= WORK TO COMPLETE =
Everything from the opening line of the listing below to the line that has "Het lichte, waterbestendige", inclusive, should be returned exactly, except the pictures.

= INPUT DATA =
● ● ● ● ●
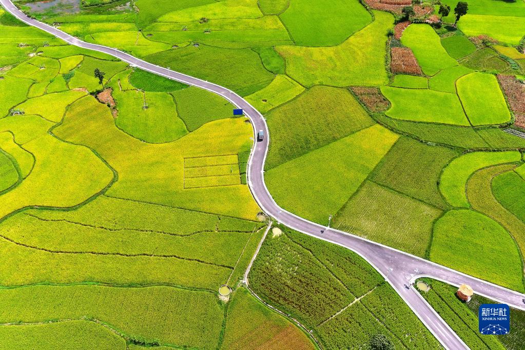 时下,贵州高原各地水稻长势喜人,陆续进入成熟期,金灿灿的层层稻田与民居、公路、河流、山峦等相映成景,构成一幅幅迷人的高原乡村田园画卷。
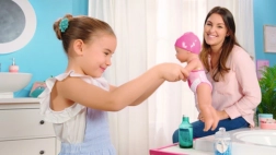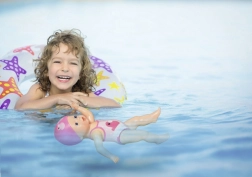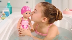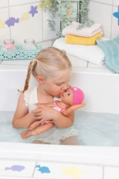 Het lichte, waterbestendige lichaam van de pop is ideaal voor bad en peuterbadje – je kind kijkt toe hoe de pop zwemt en op het water drijft.
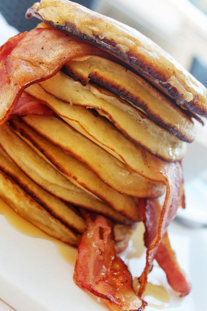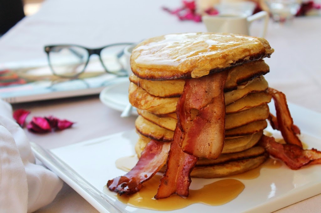 En la receta de hoy nos traemos un poco de América a nuestra mesa, Tortitas con bacon y sirope de Arce, de Canadá por supuesto.
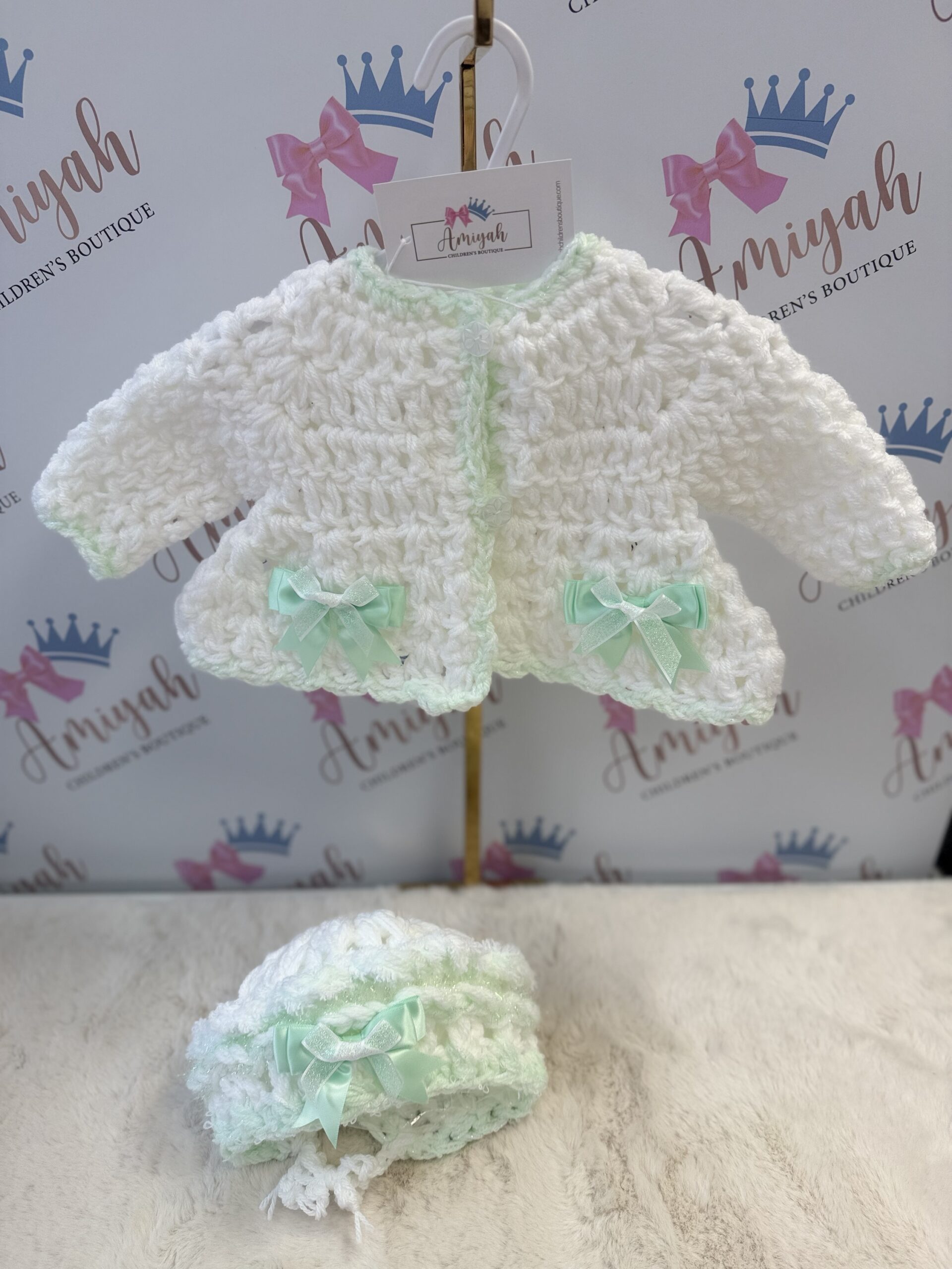 White and Mint Hand Knitted Cardigan & Bonnet
● ● ● ● ●
= RESPONSE FOR THIS EXERCISE =
 时下,贵州高原各地水稻长势喜人,陆续进入成熟期,金灿灿的层层稻田与民居、公路、河流、山峦等相映成景,构成一幅幅迷人的高原乡村田园画卷。
 Het lichte, waterbestendige lichaam van de pop is ideaal voor bad en peuterbadje – je kind kijkt toe hoe de pop zwemt en op het water drijft.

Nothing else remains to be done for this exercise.